** Instructions to follow **
Exclude pictures and give again exactly the lines of the listing, beginning with its first line and ending with the one that contains "Ensemble imperméable deux".

** Source data **
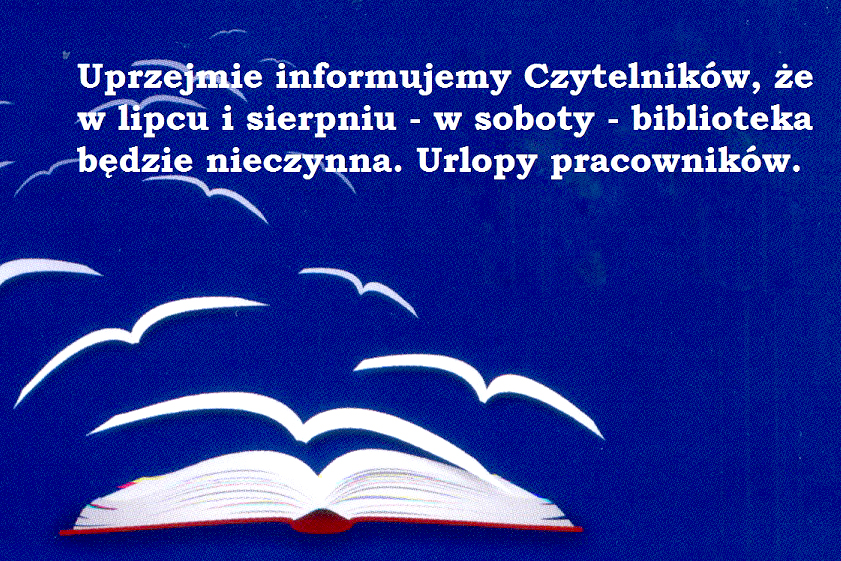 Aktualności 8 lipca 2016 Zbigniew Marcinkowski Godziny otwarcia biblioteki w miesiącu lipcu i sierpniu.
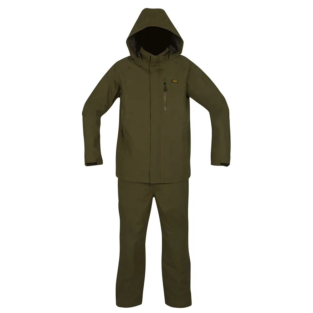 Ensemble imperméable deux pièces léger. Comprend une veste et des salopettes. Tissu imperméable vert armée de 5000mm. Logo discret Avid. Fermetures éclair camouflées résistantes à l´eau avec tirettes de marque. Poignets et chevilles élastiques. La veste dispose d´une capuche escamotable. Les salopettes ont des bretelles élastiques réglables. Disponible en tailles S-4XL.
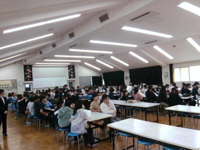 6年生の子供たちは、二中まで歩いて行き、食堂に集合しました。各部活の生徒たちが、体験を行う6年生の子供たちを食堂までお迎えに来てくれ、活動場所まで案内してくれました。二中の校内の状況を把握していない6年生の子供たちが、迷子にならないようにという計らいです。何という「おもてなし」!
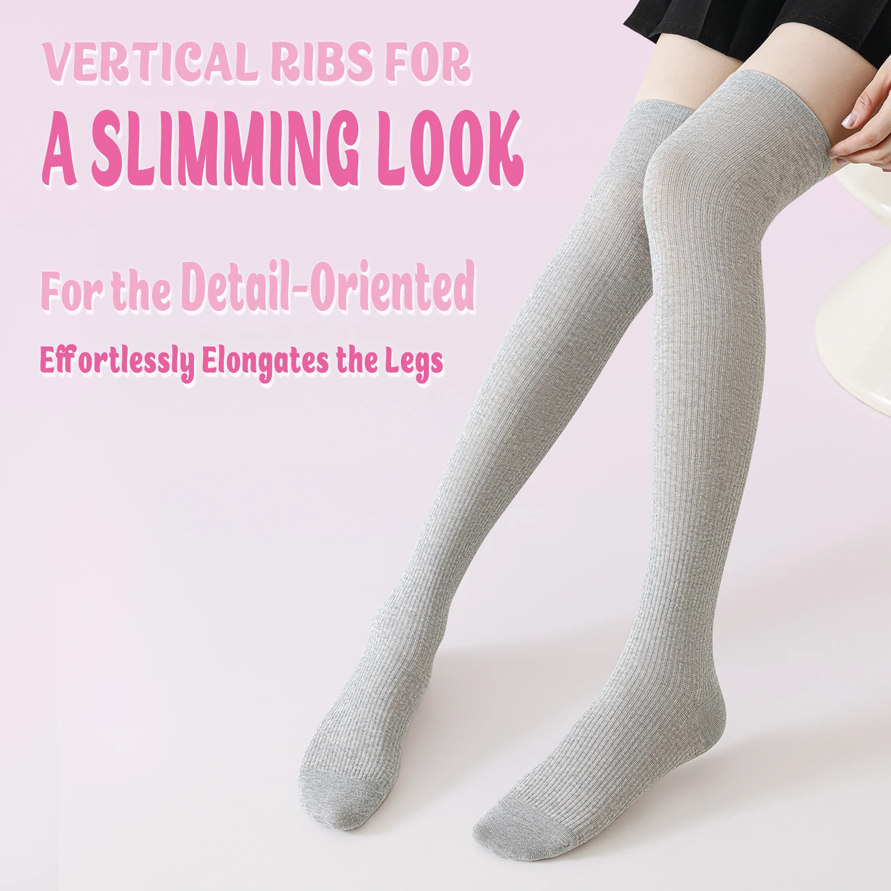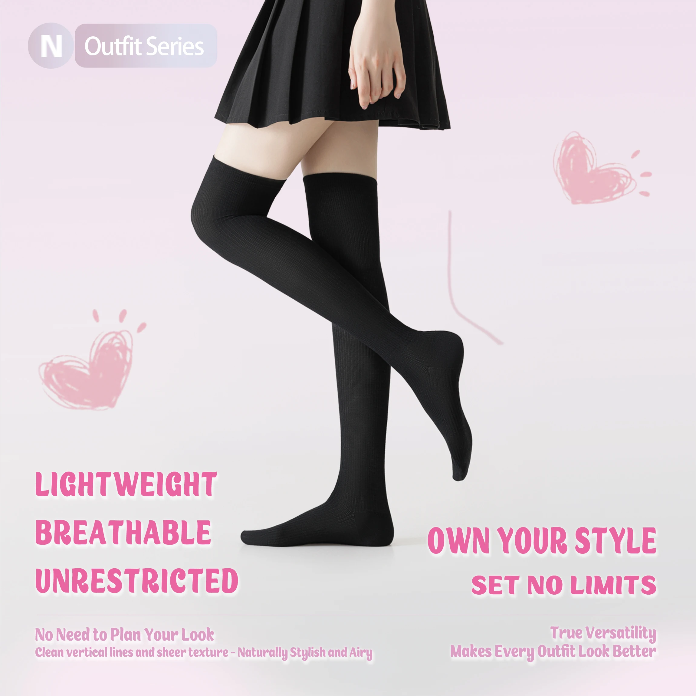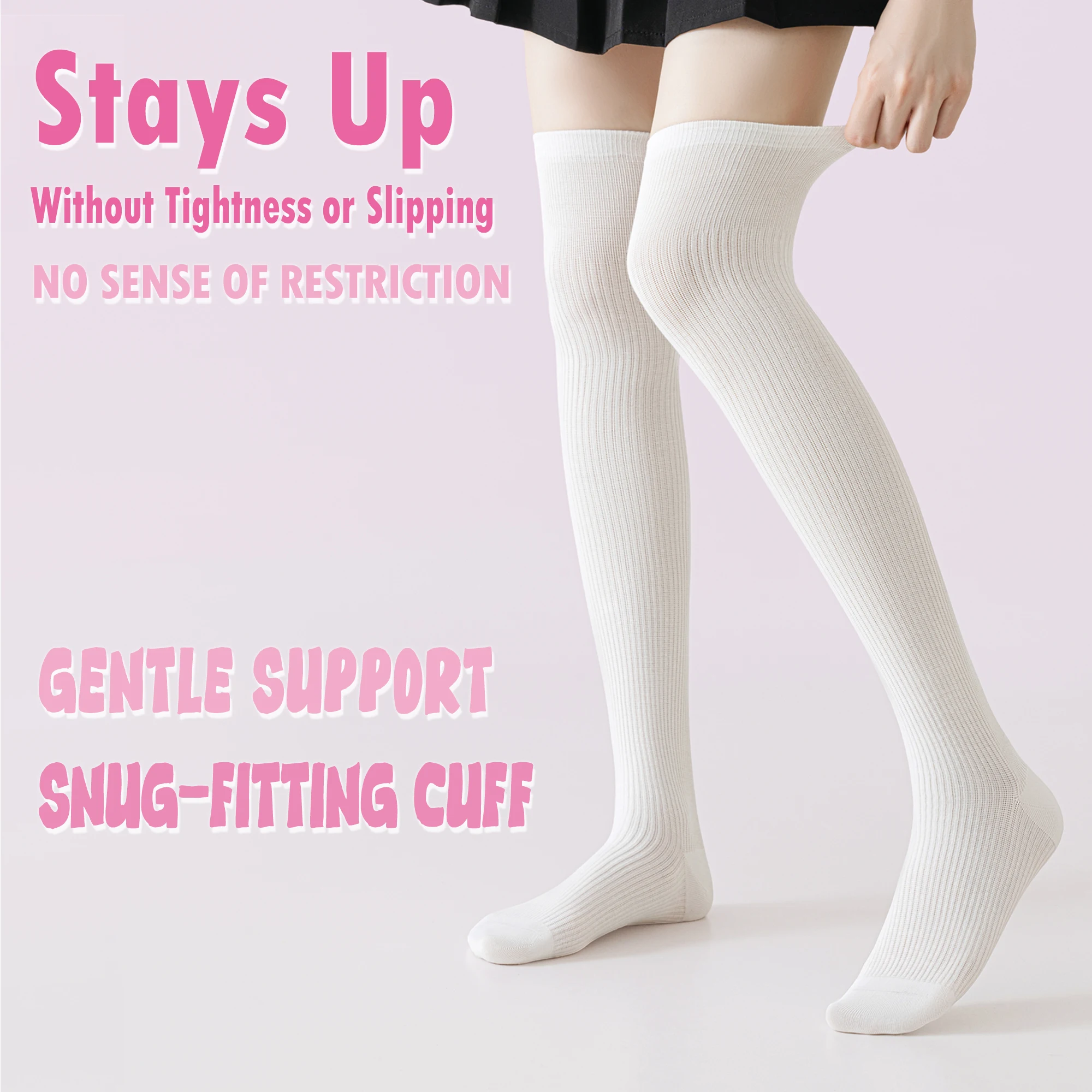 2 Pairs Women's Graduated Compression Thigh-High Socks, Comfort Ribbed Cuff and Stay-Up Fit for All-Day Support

** Written reply **
 Aktualności 8 lipca 2016 Zbigniew Marcinkowski Godziny otwarcia biblioteki w miesiącu lipcu i sierpniu.
 Ensemble imperméable deux pièces léger. Comprend une veste et des salopettes. Tissu imperméable vert armée de 5000mm. Logo discret Avid. Fermetures éclair camouflées résistantes à l´eau avec tirettes de marque. Poignets et chevilles élastiques. La veste dispose d´une capuche escamotable. Les salopettes ont des bretelles élastiques réglables. Disponible en tailles S-4XL.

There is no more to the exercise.